U.S. v. Taneja
U.S. v. Taneja
2023 WL 3563604 (M.D. Fla. 2023)
February 2, 2023
McCoy, Mac R., United States Magistrate Judge
Summary
The United States filed a motion for a protective order to prevent the defendant from obtaining certain information related to an alleged illegal kickback scheme. The court denied the motion, stating that the information was relevant and the United States' concerns about revealing work product were overstated. The defendant was allowed to inquire into the facts underlying the allegations.
UNITED STATES OF AMERICA, Plaintiff,
v.
MIHIR TANEJA, Defendant
v.
MIHIR TANEJA, Defendant
Case No. 8:21-cv-102-SCB-MRM
United States District Court, M.D. Florida
Signed February 02, 2023
Counsel
Charles T. Harden, III, Michael Kenneth, US Attorney's Office, Tampa, FL, for Plaintiff.John F. Lauro, Lauro Law Firm, Tampa, FL, Robert R. Warchola, Jr., Shumaker, Loop & Kendrick, LLP, Tampa, FL, A. Brian Albritton, Phelps Dunbar, LLP, Tampa, FL, for Defendant.

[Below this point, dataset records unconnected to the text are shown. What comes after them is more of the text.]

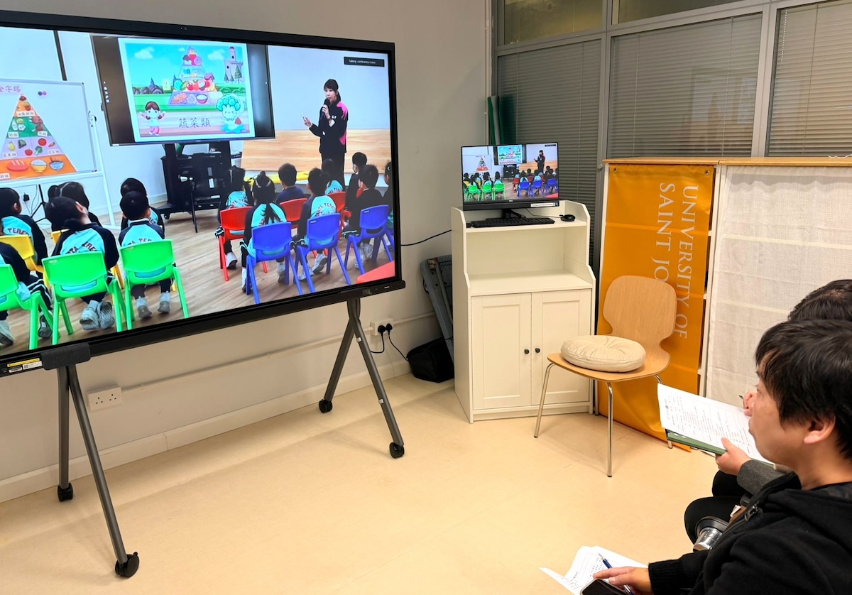 鑒於幼兒注意力易受干擾的心理發展特點,本次活動在觀課模式上打破了傳統「推門聽課」的現場觀摩形式,轉而利用實時視訊傳輸,安排大學導師及觀課教師於獨立的空間進行同步觀課。這一安排充分體現了聖大教育學院「以學生為本」的核心教育理念。通過物理空間的隔離,最大程度地減少了陌生聽課人員對幼兒課堂的干擾,確保孩子們能在最自然、放鬆的環境中學習與互動,從而呈現出最真實的課堂面貌。在教學展示結束後,教研團隊針對教學目標的達成、師生互動的質量以及幼兒的學習反應進行了深入的剖析與反饋。這種「即時反饋」的機制,極大地提升了教研活動的實效性。
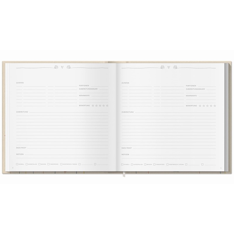 - The good thing about it: Record your best cooking and baking ideas in your personal cookbook so you don't forget them and cook them again and again. Divide your ideas into categories such as "fast", "fancy", "baking", "finger food" or "vegetarian/vegan".
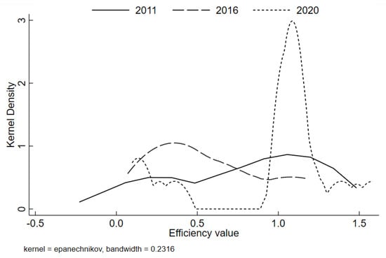 Based on the kernel density function, Stata 16.0 software was used to estimate the development efficiency of smart mine construction within the study area in 2011, 2016, and 2020 to visualize the spatial structure evolution characteristics of the development efficiency of smart mine construction (Figure 4). The results are displayed below.
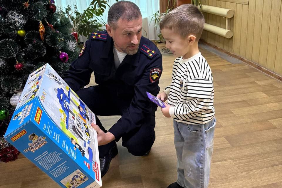 Заме. начальника отдела МВД России «Свердловский», полковник полиции Дмитрий Жильцов снял с Ёлки желаний шар с заветной мечтой 3-хлетнего Егора.
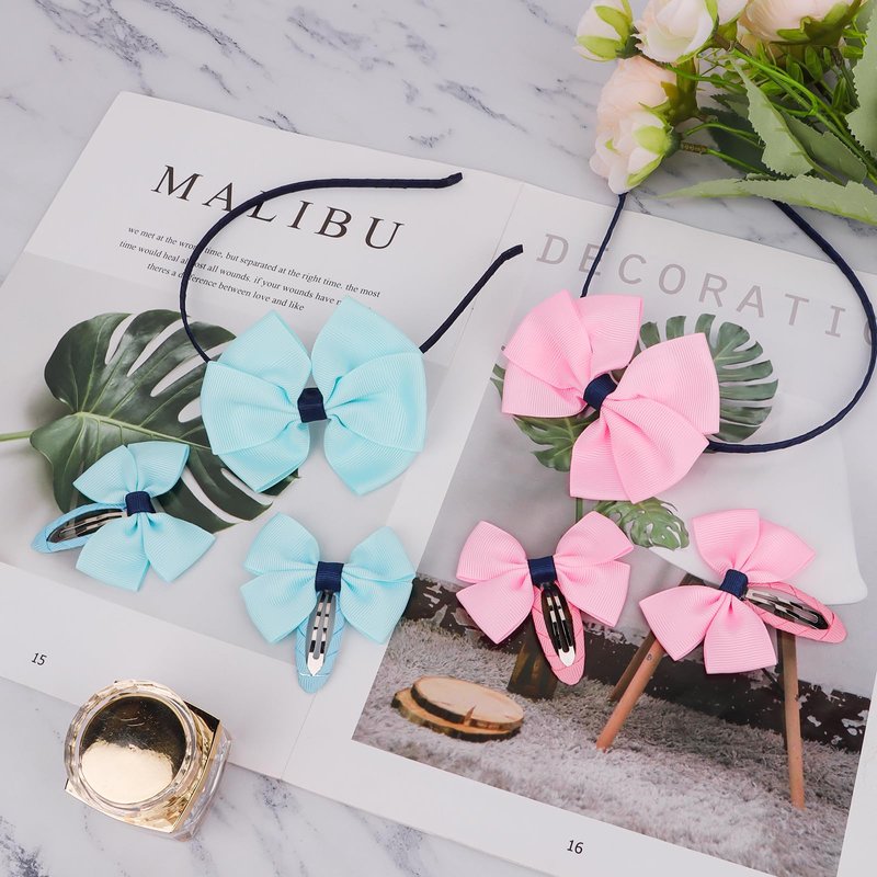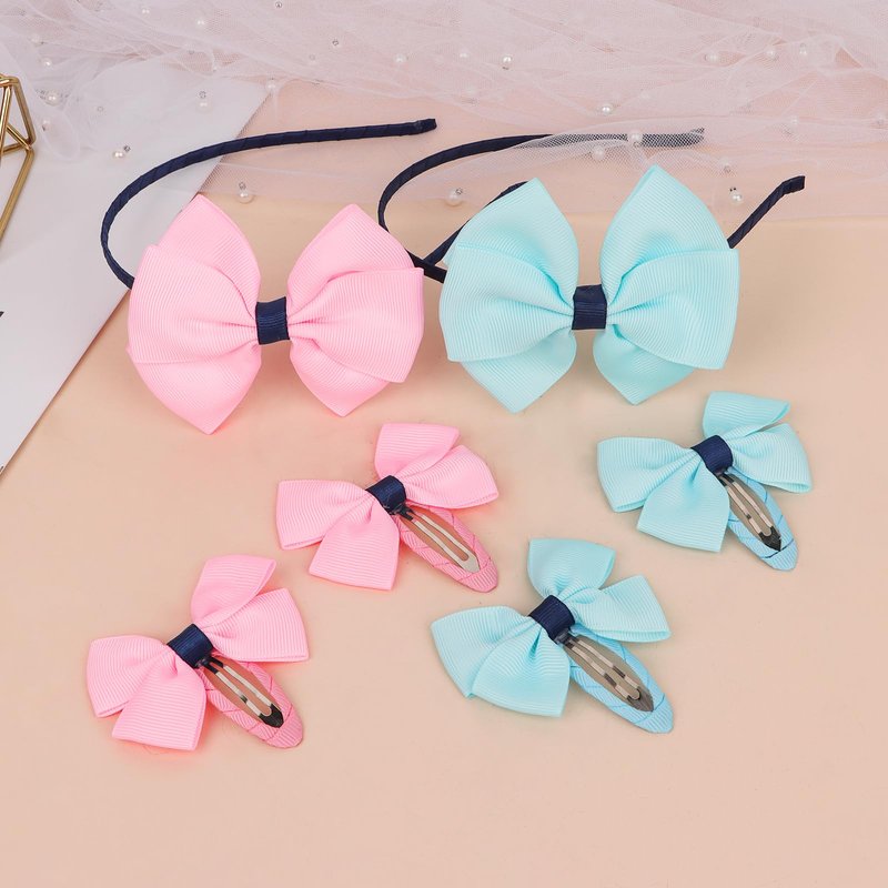 AMCAMI elegant bow headband for women,pefect women hairbands with delicate bow hair clips,totally 6 pcs headband and hair clips set,different colors for your to choose,pink and light blue headbands and hair clips,different styles suitable for different outfits of yours.
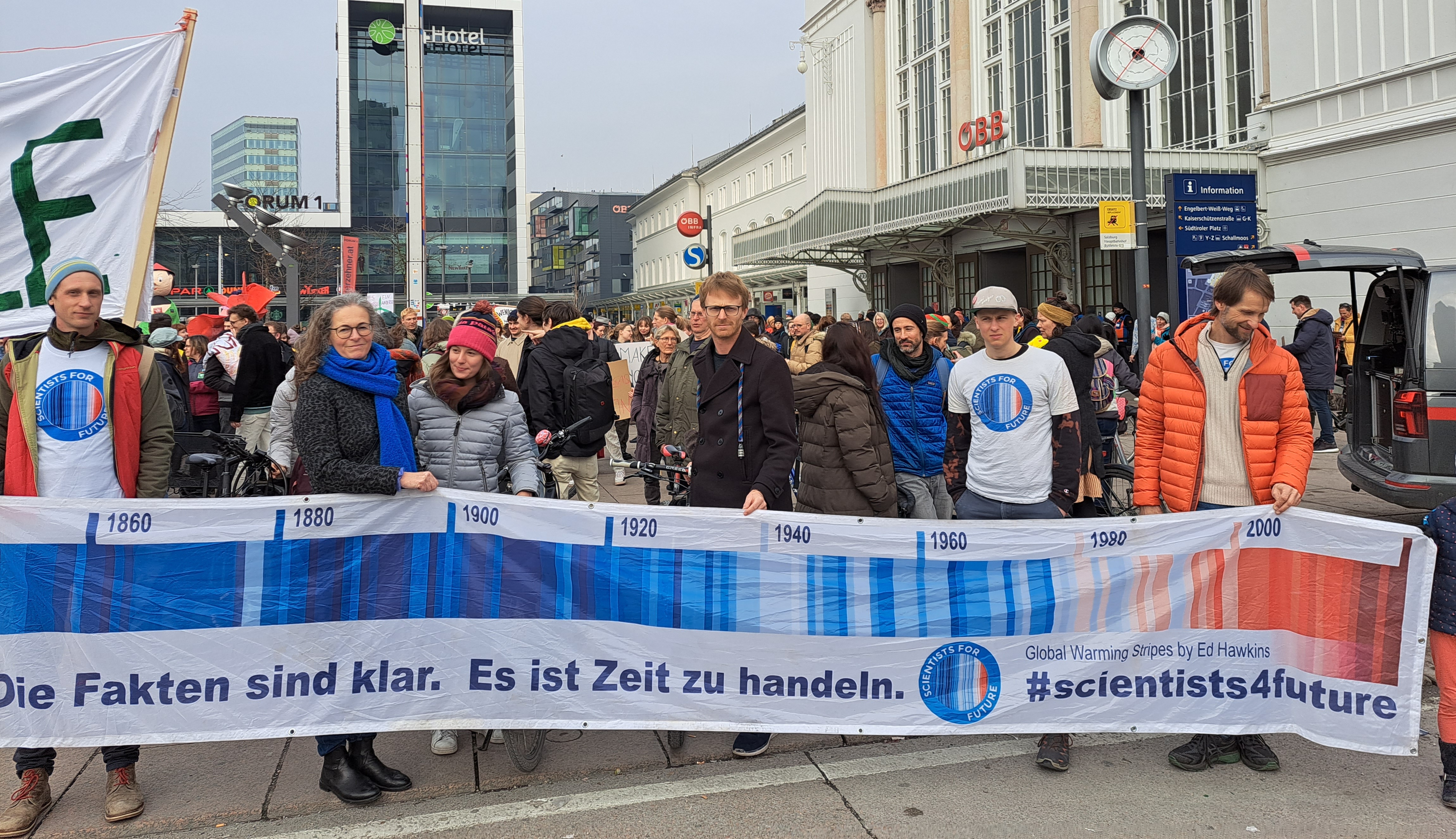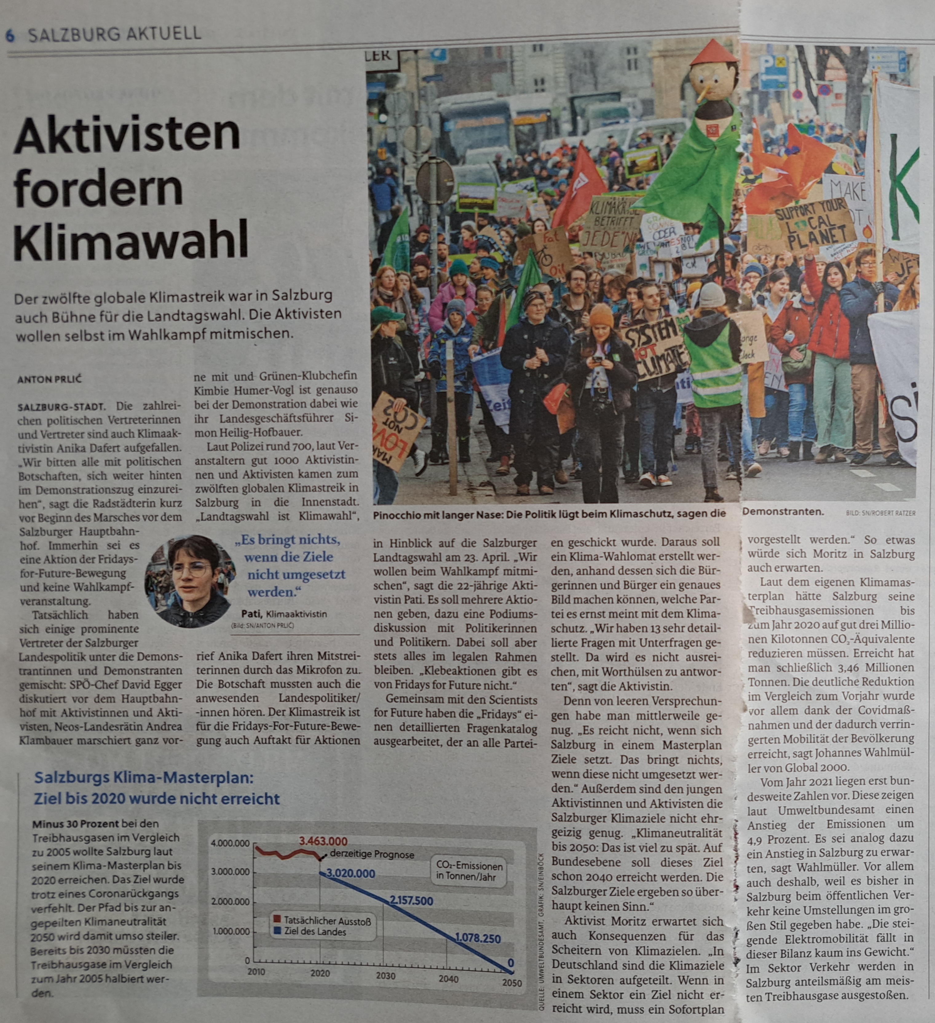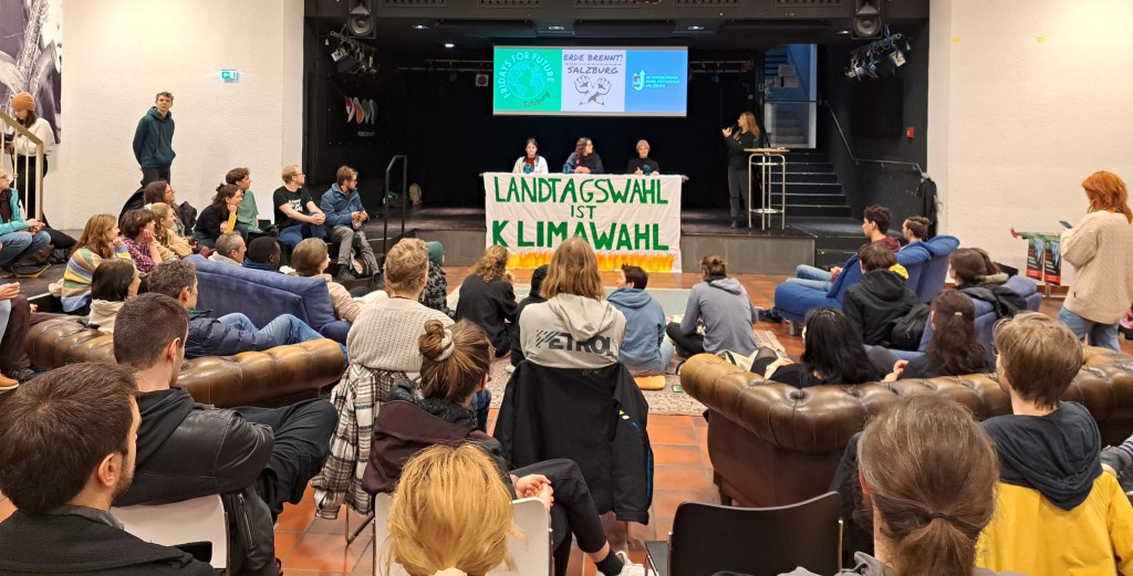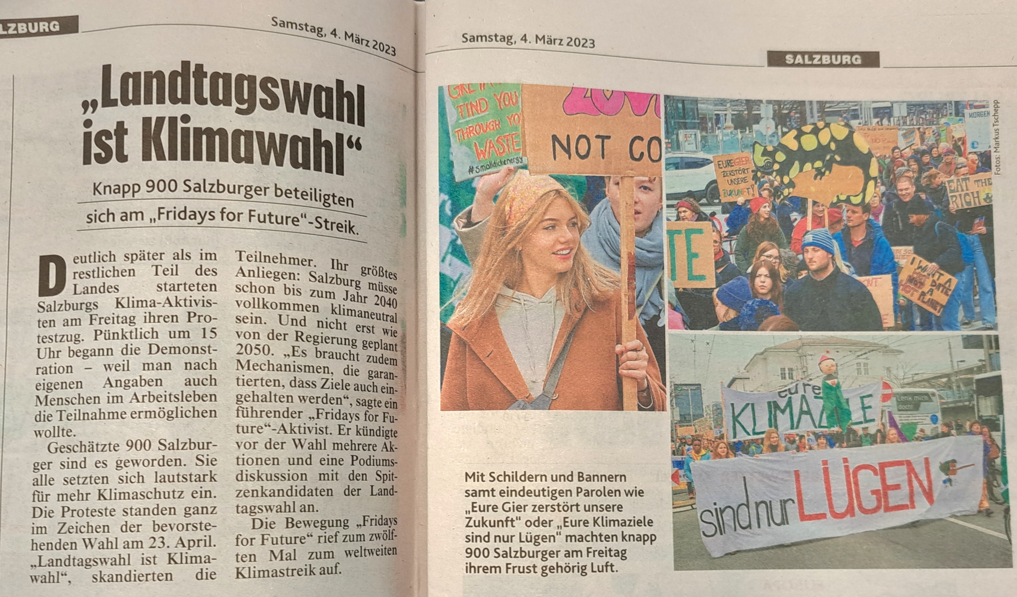 An die 30.000 Menschen beteiligten sich in zahlreichen österreichischen Städten am 12. weltweiten Klimastreik von Fridays for Future. In Salzburg waren es an die 1000 Menschen, die sich angesichts der bevorstehenden Landtagswahl für eine wirksamere Klimapolitik einsetzten. Ein von Mitgliedern von Scientists for Future Salzburger erstellter Fragebogen wurde allen wahlwerbenden Parteien übermittelt. Die bis 8. März erwarteten Antwort werden in den nächsten Wochen ausgewertet und nach Ostern der Öffentlichkeit präsentiert. Geplant ist ein Podiumsgespräch (vorr. 13.4.) sowie die Veröffentlichung der Antworten auf www.klimawahlen.at. Die ÖH Salzburg erstellt einen Infoflyer zum Verteilen. Die Demo wurde zudem von den Initiativen „Erde brennt“ und „Aktionsbündnis Mobilitätswende Salzburg“ unterstützt, die sich gemeinsam mit den Aktivist:innen von Fridays for Future im Anschluss an die Demo zu einen Aktionsabend im Jugendzentrum Yoko trafen. Das breite Medienecho lässt hoffen, dass die Antworten der Parteien auf die 12 Fragen bald eintreffen. Den Fragenkatalog sowie die Presseberichte findet ihr in den Links. Fotos: H. Holzinger
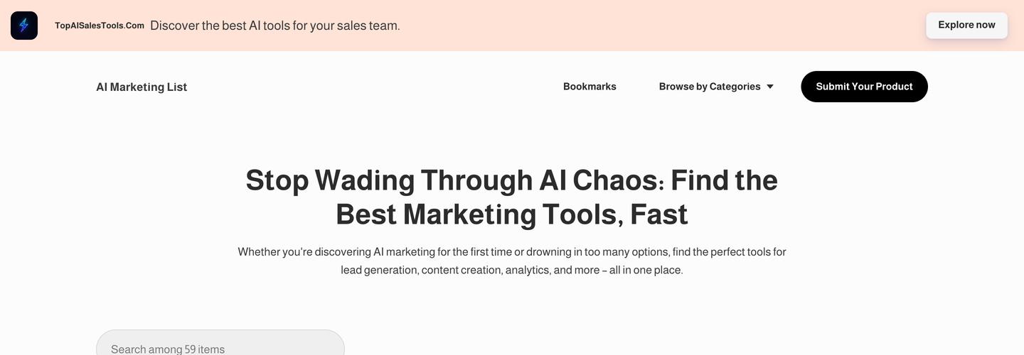 AI Marketing List is your ultimate resource for finding the smartest AI-powered tools to supercharge your marketing workflow. From content generation and email automation to SEO, social media, and analytics, this curated platform helps marketers uncover cutting-edge solutions that boost efficiency, cut costs, and drive real results. Whether you're a solo creator or part of a full-stack team, AI Marketing List helps you stay ahead in the fast-moving world of digital marketing.

McCoy, Mac R., United States Magistrate Judge
ORDER
*1 Pending before the Court is the United States’ Motion for Protective Order Regarding Portions of 30(b)(6) Deposition Notice, filed on October 6, 2022. (Doc. 35). Defendant filed a response in opposition on October 20, 2022. (Doc. 39). With leave of Court, (Doc. 41), the United States filed a reply in further support of its motion, (Doc. 42). The matter is ripe for the Court's review.
In the interests of judicial economy and efficiency, the Court dispenses with any unnecessary recitation of the procedural posture of this case, the parties’ arguments, or the well-established legal standards governing this discovery dispute. The Court has carefully reviewed the parties’ submissions and considered each and every argument raised. Upon consideration and being otherwise fully informed, the United States’ motion is DENIED.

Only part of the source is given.